==== PROVIDED ENTRIES

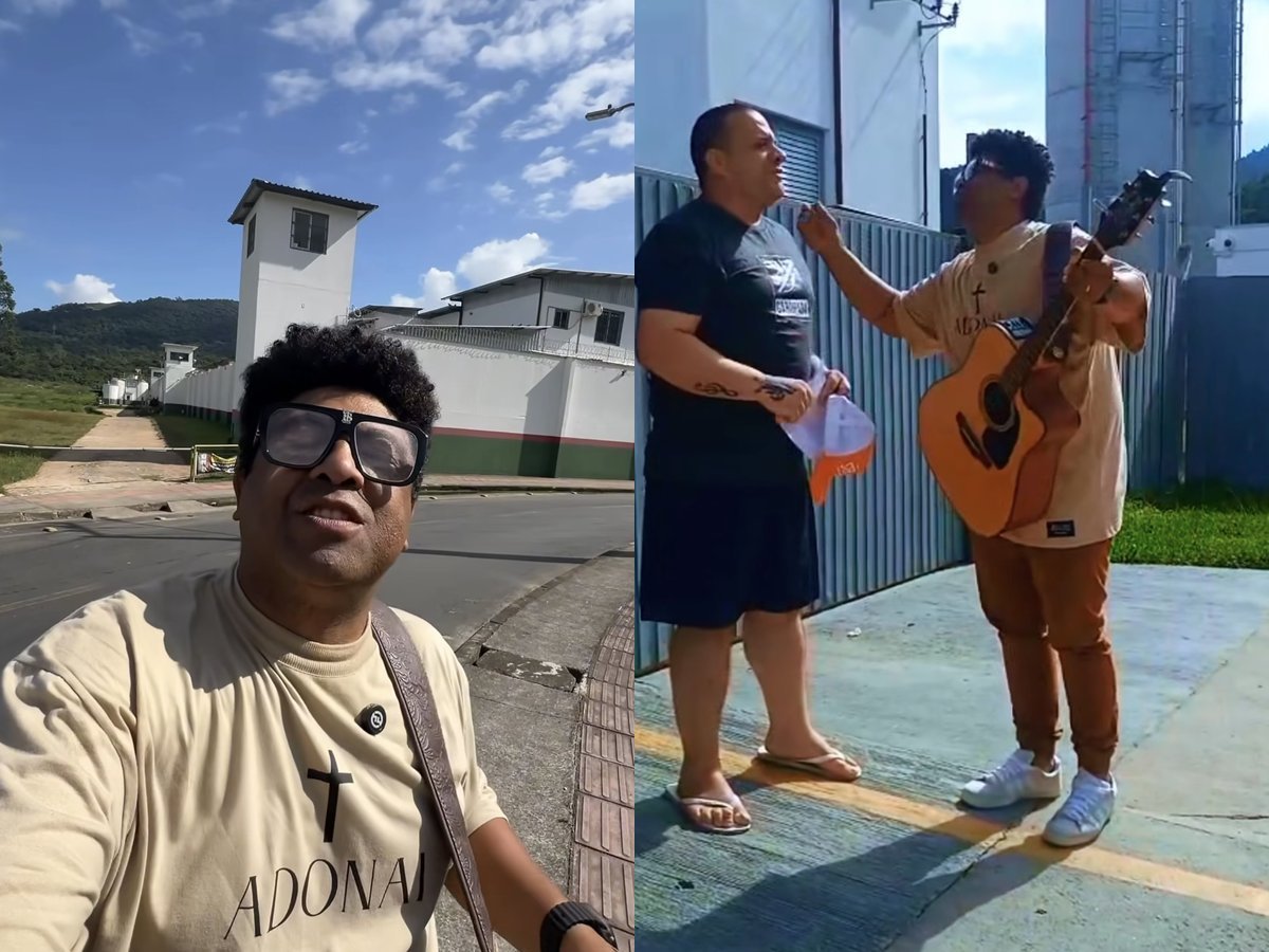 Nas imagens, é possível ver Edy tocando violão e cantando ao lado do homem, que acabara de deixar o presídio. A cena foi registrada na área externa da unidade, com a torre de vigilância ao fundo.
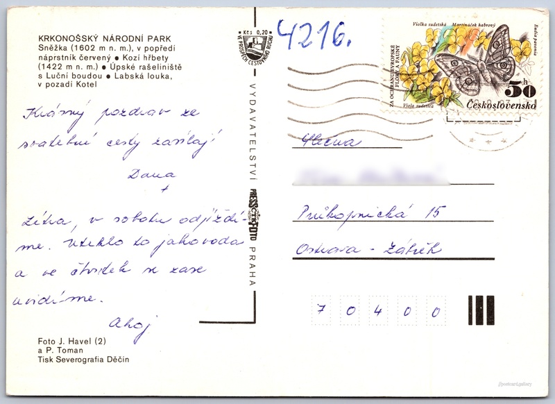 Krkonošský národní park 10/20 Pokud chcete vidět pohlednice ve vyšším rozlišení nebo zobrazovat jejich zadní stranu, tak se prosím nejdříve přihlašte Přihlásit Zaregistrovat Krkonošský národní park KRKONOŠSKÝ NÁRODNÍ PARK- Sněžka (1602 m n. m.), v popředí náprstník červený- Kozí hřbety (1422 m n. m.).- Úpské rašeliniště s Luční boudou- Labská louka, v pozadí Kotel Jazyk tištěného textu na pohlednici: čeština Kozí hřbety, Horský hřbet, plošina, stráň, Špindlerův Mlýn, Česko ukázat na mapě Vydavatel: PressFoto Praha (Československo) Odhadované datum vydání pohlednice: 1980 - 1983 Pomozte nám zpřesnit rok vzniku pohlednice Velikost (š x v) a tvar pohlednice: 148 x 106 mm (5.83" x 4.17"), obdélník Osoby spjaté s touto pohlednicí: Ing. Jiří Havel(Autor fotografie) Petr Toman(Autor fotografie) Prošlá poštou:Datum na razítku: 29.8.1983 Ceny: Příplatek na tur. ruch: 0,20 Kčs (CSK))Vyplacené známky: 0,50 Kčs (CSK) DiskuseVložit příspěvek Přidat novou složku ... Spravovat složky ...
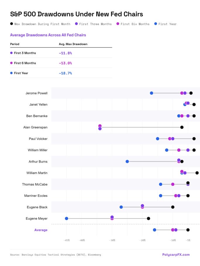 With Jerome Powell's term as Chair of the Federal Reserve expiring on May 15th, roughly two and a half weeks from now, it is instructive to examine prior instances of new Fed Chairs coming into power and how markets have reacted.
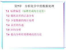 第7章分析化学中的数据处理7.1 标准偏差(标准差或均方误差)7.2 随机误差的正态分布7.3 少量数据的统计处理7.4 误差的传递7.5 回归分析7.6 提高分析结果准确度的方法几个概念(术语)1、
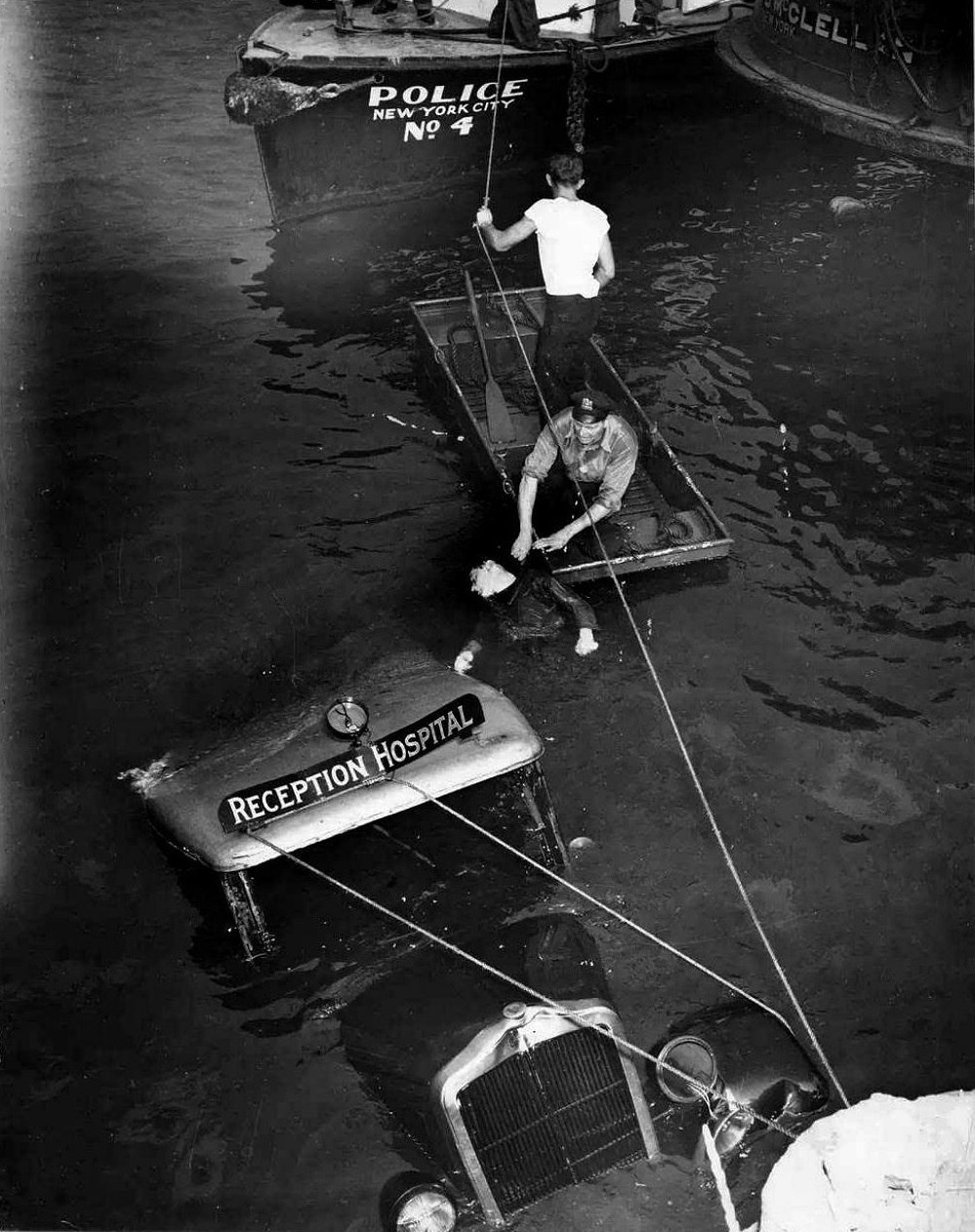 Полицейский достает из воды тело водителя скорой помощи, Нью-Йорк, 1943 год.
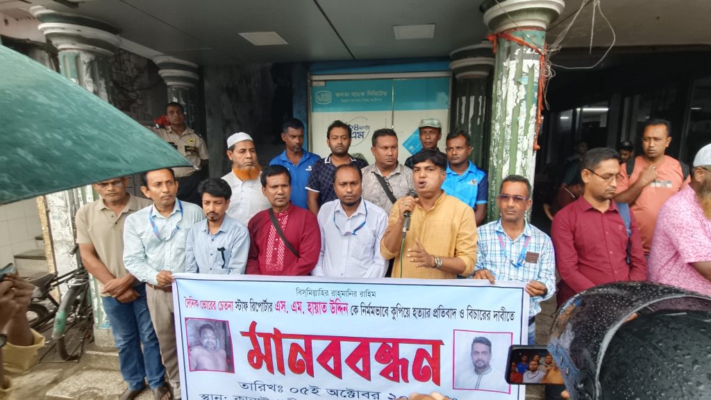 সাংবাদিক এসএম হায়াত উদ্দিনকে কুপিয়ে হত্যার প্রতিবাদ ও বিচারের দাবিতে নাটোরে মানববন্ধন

========
==== PROVIDED ENTRIES

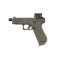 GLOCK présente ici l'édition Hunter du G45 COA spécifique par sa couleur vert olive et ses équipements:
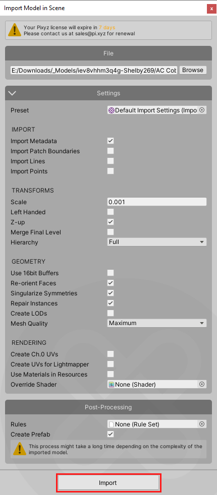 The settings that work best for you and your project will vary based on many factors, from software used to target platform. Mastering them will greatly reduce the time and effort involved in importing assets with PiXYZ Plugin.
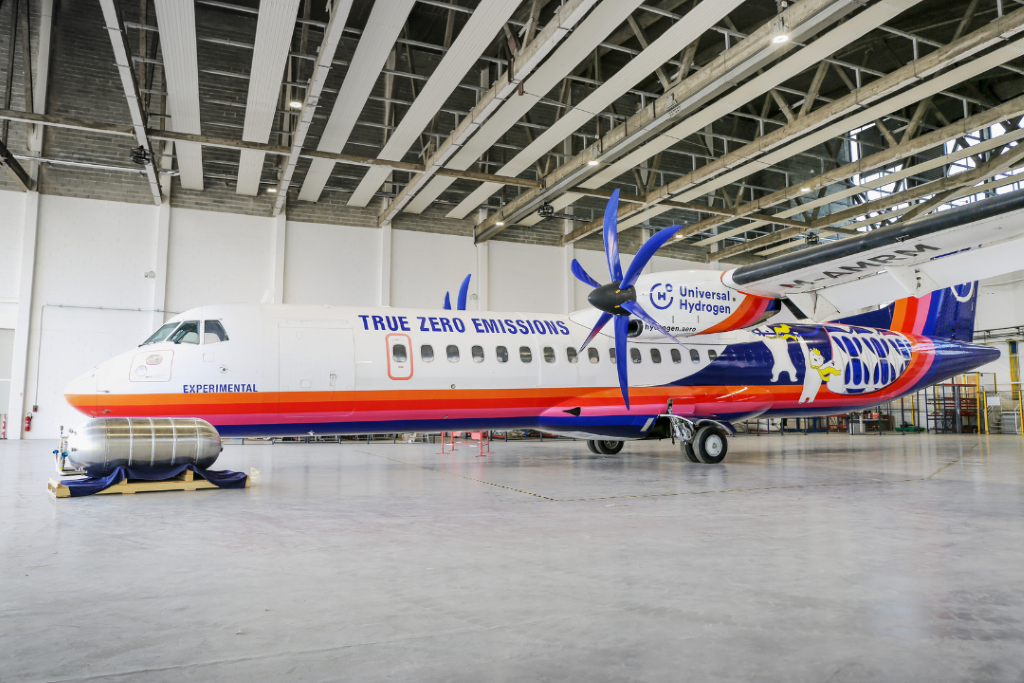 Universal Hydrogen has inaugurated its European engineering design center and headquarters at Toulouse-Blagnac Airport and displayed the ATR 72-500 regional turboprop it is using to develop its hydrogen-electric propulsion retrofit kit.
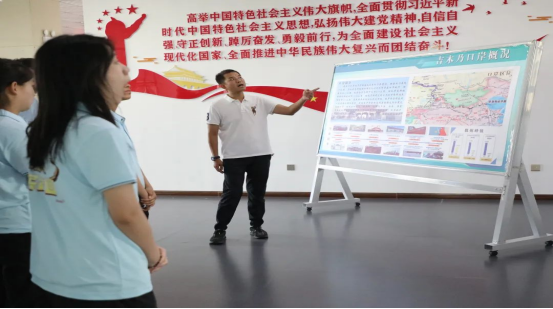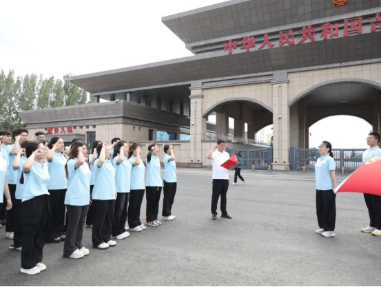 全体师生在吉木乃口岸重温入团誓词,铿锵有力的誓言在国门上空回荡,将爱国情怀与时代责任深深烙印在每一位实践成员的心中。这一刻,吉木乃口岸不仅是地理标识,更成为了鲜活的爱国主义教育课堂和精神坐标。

========

PROMPT: Of the lines above, copy only those from the one holding "The settings that" to the one holding "全体师生在吉木乃口岸重温入团", both included, and exclude every image.

SOLUTION:
 The settings that work best for you and your project will vary based on many factors, from software used to target platform. Mastering them will greatly reduce the time and effort involved in importing assets with PiXYZ Plugin.
 Universal Hydrogen has inaugurated its European engineering design center and headquarters at Toulouse-Blagnac Airport and displayed the ATR 72-500 regional turboprop it is using to develop its hydrogen-electric propulsion retrofit kit.
 全体师生在吉木乃口岸重温入团誓词,铿锵有力的誓言在国门上空回荡,将爱国情怀与时代责任深深烙印在每一位实践成员的心中。这一刻,吉木乃口岸不仅是地理标识,更成为了鲜活的爱国主义教育课堂和精神坐标。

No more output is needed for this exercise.